- **INSTRUCTIONS FOR THE TASK**
Each line below with the string "that" should be copied.

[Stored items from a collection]
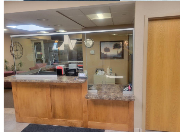
Top Image: Front desk, before Bottom Image: Front desk, after
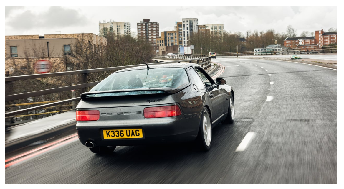
Let's talk about your personal collection, starting with our star car today: your amazing 968 Sport. The 968 is one of the most underrated models in Porsche's back catalogue, what drew you to this example?

As I was scrolling through the classifieds two years ago, I saw it come up and I thought, in that colour and with those wheels, it should be double the price — only 13,000 were made, so it's one of the lowest production mainstream Porsche models, and the Sport is even rarer with only 306 built. I thought the idea of a 3-litre 4 cylinder was also pretty interesting, and that 3/4 profile is just spectacular, especially from the back. Anyway, I saw it had sold, but it was re-listed a couple days later and I knew I had to have it. Mine has the Techart front splitter — they're quite hard to come by, which is super annoying because it scrapes on everything. It has the Porsche Speedline wheels, which are also quite rare. Second hand, the real ones go for like 8 grand, but mine are just knockoffs.
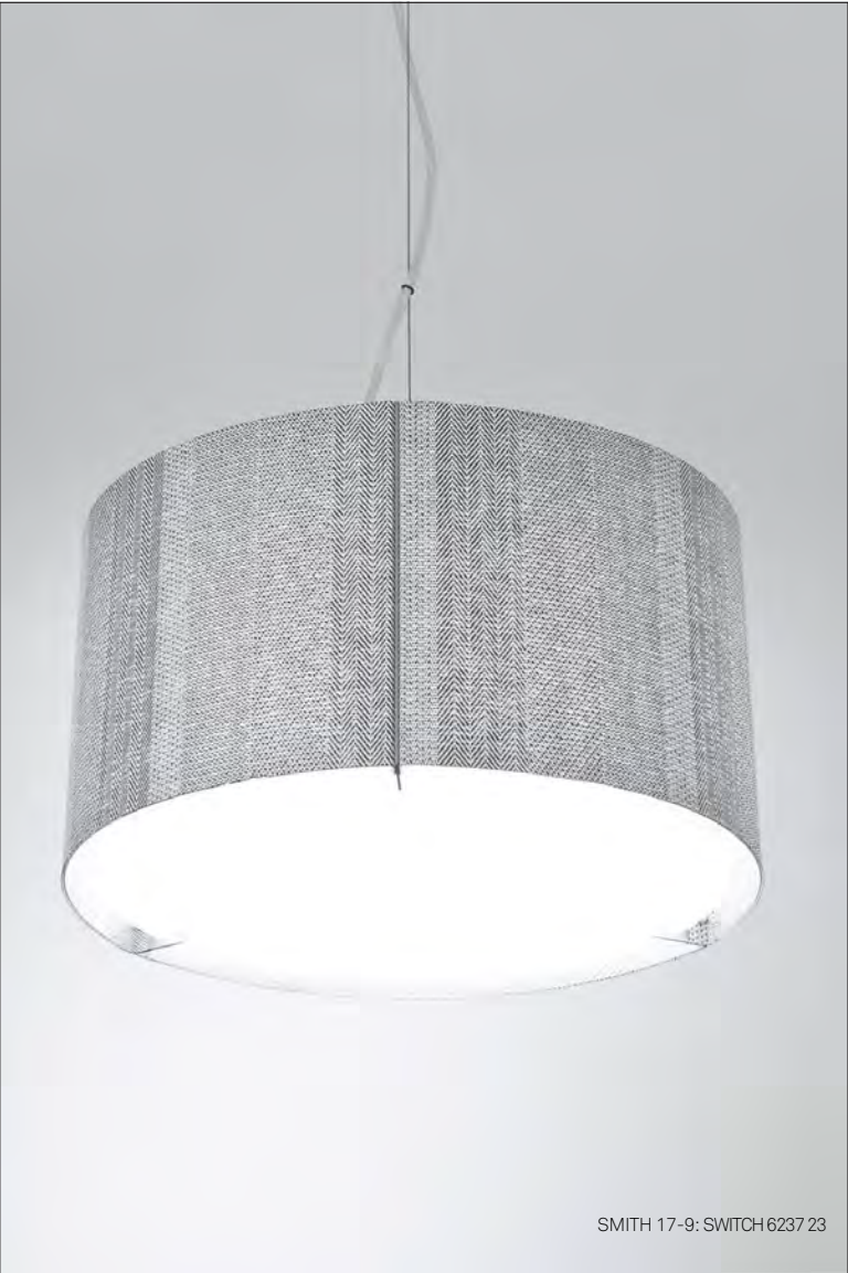
SMITH 17-9: SWITCH 6237 23

UTILIZED ON: NARA, SMITH, SAVOYE, BOX, PUNCHEON, BALLARD, CROWN HILL, D-LIGHTS
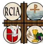
Rite of Christian Initiation for Adults

Please be generous in you contributions to help.
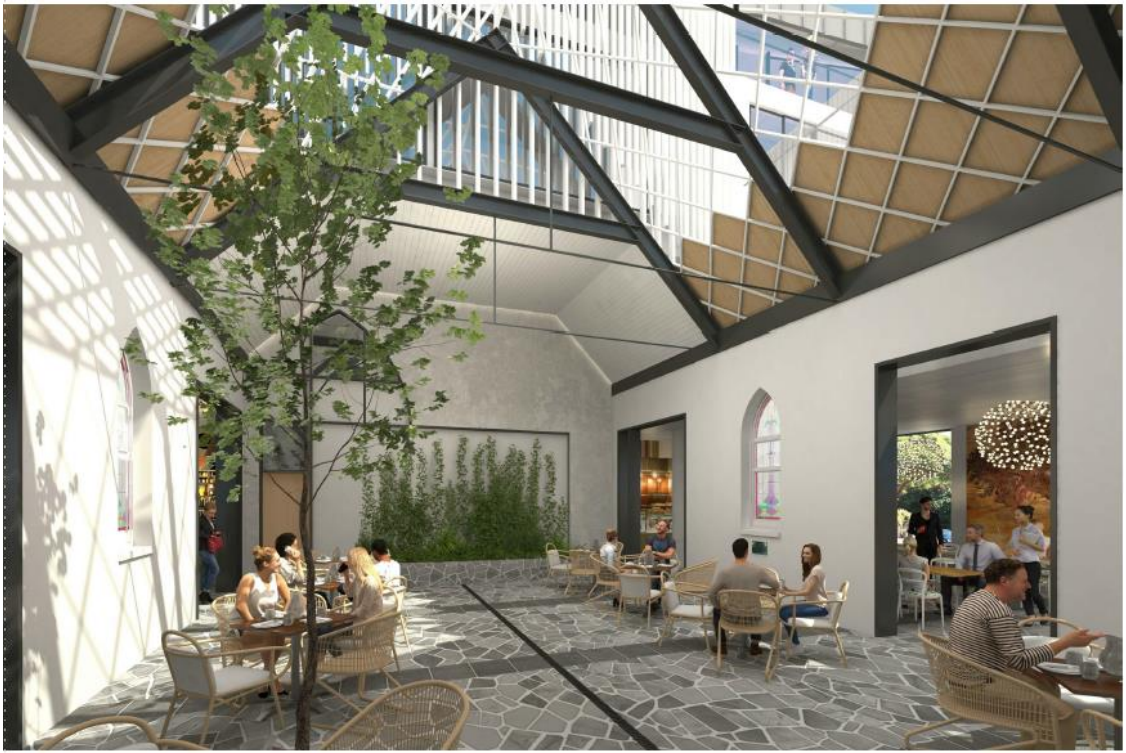
Photomontage - reuse of 1905 section of church
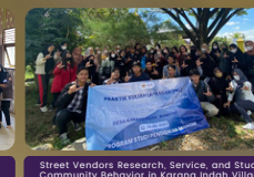
Street Vendors Research, Service, and Study Community Behavior in Karang Indah Village
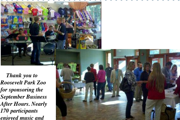
Thank you to Roosevelt Park Zoo for sponsoring the September Business After Hours. Nearly 170 participants enjoyed music and refreshments, as well as the opening of the new entrance building and zoo outreach animals.
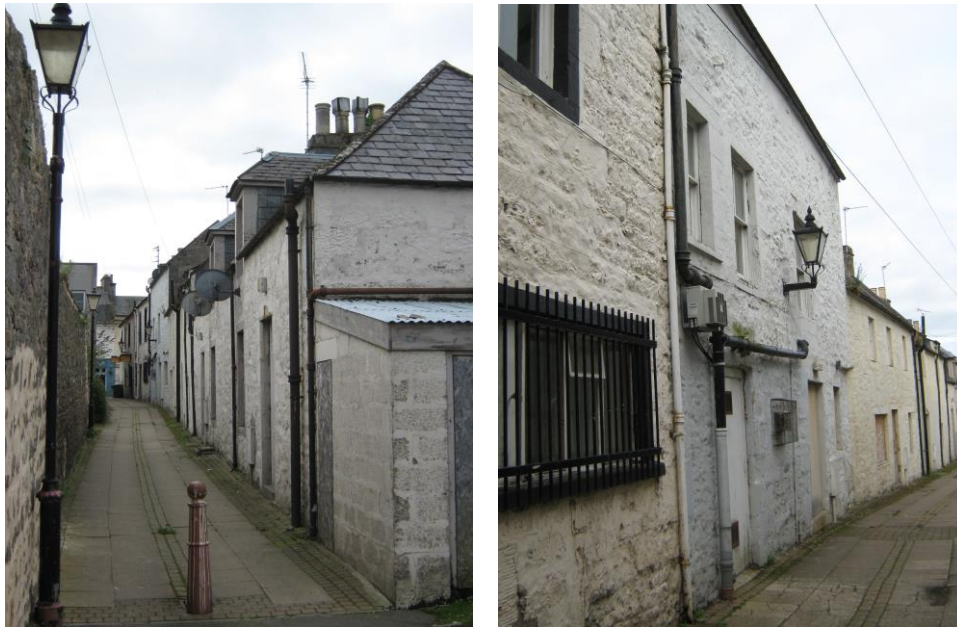
Cottages off Elgin High Street, Elgin, Northern Scotland, before (above) and after (below) regeneration.
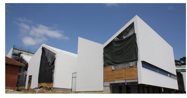
Large frittered glass will be installed on the east side.

With environmentally sustainable design a key feature of the building, 200 solar panels have been installed on the roof.
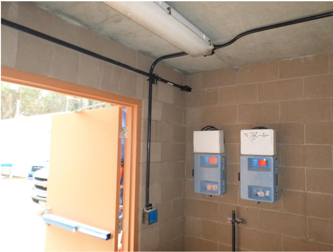
St. Denis Electric installing conduit and receptacles in chemical building.
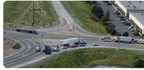
Trucks Using a DDI in Salt Lake County, UT

ability of trucks to turn on to and off of the ramps and navigate along the crossroad is not inhibited with a DDI. In surveys of commercial drivers using the Springfield (Missouri) DDI, 83 percent of respondents felt that maneuvering a large truck through the interchange was easy and no different from other interchange types. 5
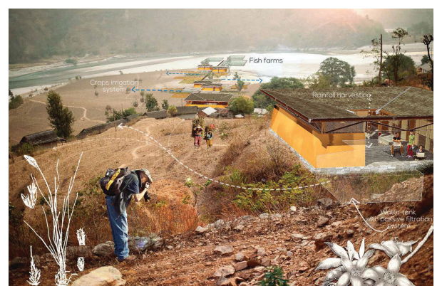
The Vertical University Project Nepal SEED Network Winner

For the first time, these three international networks combined to support and promote systemic change in the practices of design with the intent of building on the common ground they share.

- **FINAL ANSWER**
As I was scrolling through the classifieds two years ago, I saw it come up and I thought, in that colour and with those wheels, it should be double the price — only 13,000 were made, so it's one of the lowest production mainstream Porsche models, and the Sport is even rarer with only 306 built. I thought the idea of a 3-litre 4 cylinder was also pretty interesting, and that 3/4 profile is just spectacular, especially from the back. Anyway, I saw it had sold, but it was re-listed a couple days later and I knew I had to have it. Mine has the Techart front splitter — they're quite hard to come by, which is super annoying because it scrapes on everything. It has the Porsche Speedline wheels, which are also quite rare. Second hand, the real ones go for like 8 grand, but mine are just knockoffs.
ability of trucks to turn on to and off of the ramps and navigate along the crossroad is not inhibited with a DDI. In surveys of commercial drivers using the Springfield (Missouri) DDI, 83 percent of respondents felt that maneuvering a large truck through the interchange was easy and no different from other interchange types. 5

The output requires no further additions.